Updated by Yingxin Cheng about 1 year ago
Looking at the logs from osd.1 in matan-2025-03-09_12:30:44-crimson-rados-wip-matanb-crimson-only-testing-6-mar-distro-crimson-smithi/8176595,
it appears one of the stuck ops may be due to a ms bug - this reply is sent to the messenger but never makes it onto the wire:
The cross-core id (from the shard 1 to 2) kept increasing (29,30...) in the followup logs and the connection doesn't break atm:
... 79986:DEBUG 2025-03-09 13:47:16,584 [shard 1:main] ms - [0x5110001d6b80 osd.1(client) v2:172.21.15.17:6804/4139576993 >> client.4244 172.21.15.17:0/2218821415] send 29 send() to core 2 -- osd_op_reply(279 smithi01736657-10 [read 0~1 out=1b] v23'20 uv20 ondisk = 0) v8 79992:DEBUG 2025-03-09 13:47:16,585 [shard 2:main] ms - [0x5110001d6b80 osd.1(client) v2:172.21.15.17:6804/4139576993 >> client.4244 172.21.15.17:0/2218821415] got 29 do_send() from core 1 -- osd_op_reply(279 smithi01736657-10 [read 0~1 out=1b] v23'20 uv20 ondisk = 0) v8 ... 95764:DEBUG 2025-03-09 13:47:18,746 [shard 1:main] ms - [0x5110001d6b80 osd.1(client) v2:172.21.15.17:6804/4139576993 >> client.4244 172.21.15.17:0/2218821415] send 30 send() to core 2 -- osd_op_reply(315 smithi01736657-50 [write 742876~447756] v25'27 uv27 ondisk = 0) v8 95805:DEBUG 2025-03-09 13:47:18,747 [shard 2:main] ms - [0x5110001d6b80 osd.1(client) v2:172.21.15.17:6804/4139576993 >> client.4244 172.21.15.17:0/2218821415] got 30 do_send() from core 1 -- osd_op_reply(315 smithi01736657-50 [write 742876~447756] v25'27 uv27 ondisk = 0) v8 ... 96310:DEBUG 2025-03-09 13:47:18,760 [shard 1:main] ms - [0x5110001d6b80 osd.1(client) v2:172.21.15.17:6804/4139576993 >> client.4244 172.21.15.17:0/2218821415] send 31 send() to core 2 -- osd_op_reply(316 smithi01736657-50 [write 1729599~575687] v25'27 uv27 ondisk = 0) v8 ... 96358:DEBUG 2025-03-09 13:47:18,762 [shard 2:main] ms - [0x5110001d6b80 osd.1(client) v2:172.21.15.17:6804/4139576993 >> client.4244 172.21.15.17:0/2218821415] got 31 do_send() from core 1 -- osd_op_reply(316 smithi01736657-50 [write 1729599~575687] v25'27 uv27 ondisk = 0) v8 ...
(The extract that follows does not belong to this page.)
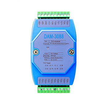 DAM-3088 簡介: DAM-3088模塊是全新一代基于嵌入式系統(tǒng)的熱電偶溫度采集模塊,采用標(biāo)準(zhǔn) DIN35 導(dǎo)軌安裝方式,現(xiàn)場安裝簡單,使用靈活;應(yīng)對各種現(xiàn)場應(yīng)用。模塊配置有 RS232 接口,方便與 PC 或 PLC 通信,模塊配置有 RS485 接口,可單獨(dú)與 PC 或 PLC 通信,也可以與多個(gè) 485 模塊組網(wǎng)使用。 參數(shù): 隔離耐壓:DC 2500V ESD 保護(hù):±15KV 供電范圍:DC +8~+36V 功耗:小于 1W 工作溫度:-40℃~+80℃ 工業(yè)級V0級防火塑料外殼保障產(chǎn)品應(yīng)用各類環(huán)境安全 安裝方式:標(biāo)準(zhǔn) DIN35 導(dǎo)軌安裝 溫度采集 輸入通道數(shù): 4\8 路 K 型熱電偶 輸入溫度范圍:-40℃~1370℃ 轉(zhuǎn)換速率:3 次/秒(單通道) 轉(zhuǎn)換分辨率:0. 1℃ 支持RS485,RS232可定制CAN 測量精度:±0.5℃(典型值) 輸入端過壓保護(hù),過流保護(hù),并有低通濾波 RS485 連接 DAM 系統(tǒng)模塊 RS485 接口為標(biāo)準(zhǔn) RS485 接口,采用差分信號邏輯,邏輯“1”以兩線間的電壓差為+(2~6)V 表示;邏輯“0”以兩線間的電壓差為-(2~6)V 表示。RS485 設(shè)備組網(wǎng)連接非常簡單,只需要將設(shè)備正端和負(fù)端并接入總線即可;當(dāng)其通信距離較長時(shí)應(yīng)該特別注意網(wǎng)絡(luò)拓?fù)洌琑S485 網(wǎng)絡(luò)拓?fù)湟话悴捎媒K端匹配的總線型結(jié)構(gòu),不支持環(huán)形或星形網(wǎng)絡(luò),從總線到每個(gè)節(jié)點(diǎn)的引出線長度應(yīng)盡量短,以便使引出線中的反射信號對總線信號的影響最低,更多詳細(xì)信息請參考相關(guān)資料。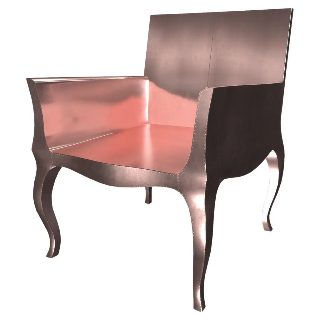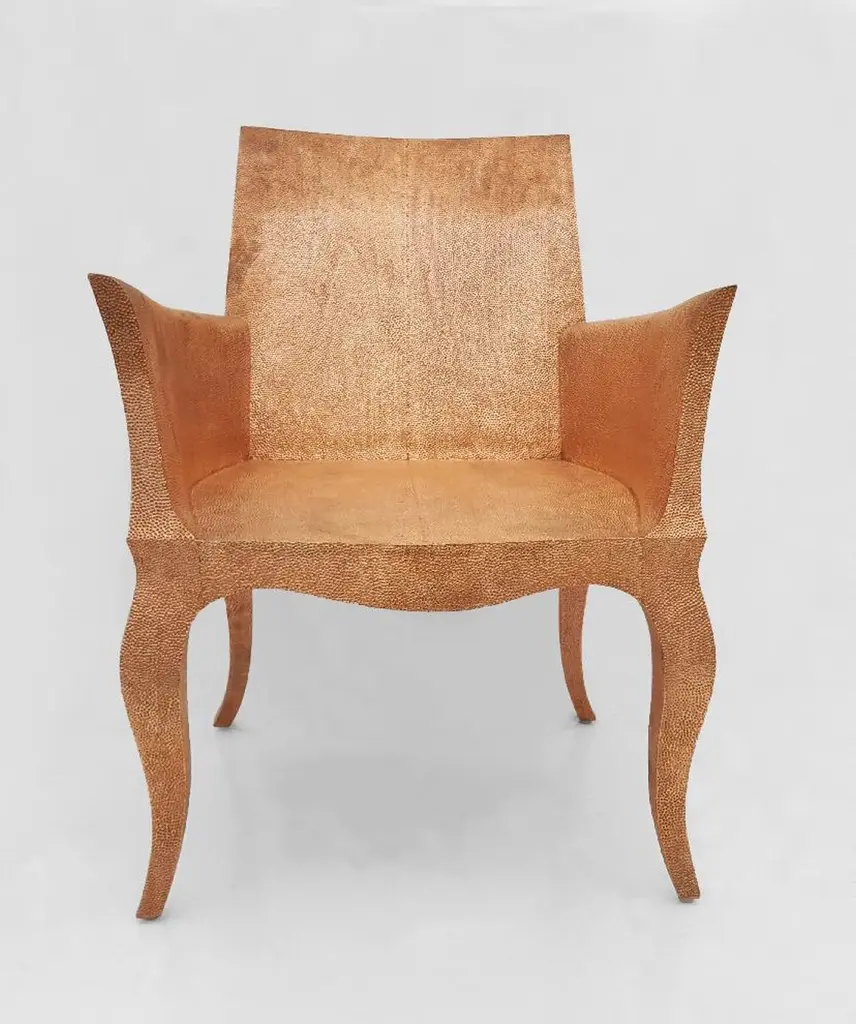 Introducing the Art Deco Chairs, a stunning Art Deco Chairs set designed by the renowned Paul Mathieu for Stephanie Odegard. This elegant Art Deco Chair duo boasts a unique curved profile that exudes a sophisticated and timeless charm, making it the perfect addition to any modern or classic interior.Crafted with utmost care and attention to detail, these Art Deco Chairs are made to order and are available in twelve metal clad finishes, ensuring that you can choose the perfect one to match your individual style and taste. The use of high-quality materials and expert craftsmanship ensure that each Art Deco Chair is not only beautiful but also a true piece of art.The curved legs and side arms of this Art Deco Chair are hand carved from solid pieces of teak. Pattern makers trace and cut complex forms that will cover the chair in a skin of copper, white bronze, brass or antiqued white bronze The metal finishes will tarnish over time. Regular non-abrasive household metal polishes can be used to restore the original luster.Overall, if you're looking for a piece of furniture that combines luxury, comfort, and style, then the Art Deco Chairs is an excellent choice. With its distinctive curved profile and multiple finish options, this Chair set is sure to elevate the look of any room it is placed in, and be a beloved addition to your home for years to come.The images shown in this listing are shot in different lighting conditions and/or are 3D illustrations. We encourage our customers to please request a sample or a full sample set of 12 finishes so that they can experience the finish first hand. Deco Chairs in Smooth Copper by Paul Mathieu for S. OdegardSize- 26"x 27"x 33"HMaterials - Copper, Metal sheet, Teak, Wood, MetalTechniques: Hand-Crafted, Hand-Carved, Metal Work, Wood Work, Metal Wrapping, PolishedPlease note that moisture in air, sudden change in temperature and natural movement of wood over time causes the metal to wrinkle or bubble up. We use well seasoned, reclaimed teak and high quality marine grade MDF (wherever technically possible) to avoid and delay the mentioned changes. However a perfect stability of metal cannot be guaranteed. Please note that our smooth finish metal clad pieces will have some unavoidable tool marks. This is proof that everything is done by hand. The smooth finish will not come out like a machine made perfect surface and the master artisan will do their best to make it look as good/clean/stable/perfect as he possibly can.The antique white bronze finish is hand done by using an acidic chemical over the white bronze finish to recreate a natural patination. Like with the natural patination of silver, copper, or brass, the final result and color uniformity of the patina cannot be guaranteed. The goal of this finish is to achieve rainbow-like shades with dull, shiny, cloudy, and streaky patches to give an illusion of antiquing. Please note:None of our metal clad pieces are treated with a protective “finish” thus enabling the items to age naturally over time. We will of course polish them well before we pack them. a) Copper oxidizes faster than the other metals. In six to twelve months it will most likely lose its shine and will gradually turn to different shades of brown and/or green/blue. This aging process and its effect is referred to as verdigris. After a year the piece should not change much more. Copper does not rust, but does require periodic cleaning in order to retain its original shine if that the preferred option. ('BRASSO' or any known copper polish can be used to polish copper).b) Brass retains its shine for far longer than others, but will tarnish if not cleaned on occasion. ('BRASSO' is made to polish brass).c) White bronze, has the least tendency to show age or tarnish. If kept in a controlled climate, this metal will hold its shine for years. It can be cleaned with a cleanser and polished with a cloth. d) The antiqued white bronze finish will react with the natural elements the fastest in the beginning but it too will stop reacting and will settle down in a stable state like copper after 6-12 months. Since it is already antiqued and looked like it is tarnished, as described in an earlier message, this fast reaction will not change the over all look. In that way this surface is most forgiving. The images shown in this listing are shot in different lighting conditions and/or are 3D illustrations. We encourage our customers to please request a sample or a full sample set of 12 finishes so that they can experience the finish first hand.

The logs by themselves looked normal to me.
Updated by Josh Durgin about 1 year ago
Reproduced with client side logging to make lost lines less of an issue:
In this case it looks to be related to not waking waiters or finishing recovery correctly - all the unanswered ops are hung waiting for recovery for their objects to be readable on the primary.
For one object, -917, there is an exception in what I believe is loading the obc during handle_pull_response():
DEBUG 2025-03-12 22:55:50,785 [shard 0:main] osd - pg_epoch 294 pg[3.0( v 280'385 lc 245'366 (0'0,280'385] local-lis/les=293/294 n=74 ec=18/18 lis/c=293/212 les/c/f=294/213/0 sis=293) [3,2,1] r=0 lpr=293 pi=[212,293)/2 crt=280'385 lcod 0'0 mlcod 0'0 active+recovering+degraded ReplicatedRecoveryBackend::handle_pull: ObjectRecoveryInfo(3:0b68fe79:::smithi09435673-917:56@0'0, size: 3395212, copy_subset: [(0, 3395212)], clone_subset: {}, snapset: 56=[]:{56: [55, 53, 52, 51, 50, 4f, 4e, 4d, 4b, 4a, 49, 48, 45, 41, 40, 3f, 39, 31]}, object_exist: false) ObjectRecoveryProgress(!first, data_recovered_to: 2987076, data_complete: false, omap_recovered_to: , omap_complete: true, error: false) data.size() is 1048576 data_included: [(595212, 490444), (1868800, 458988), (2887932, 99144)]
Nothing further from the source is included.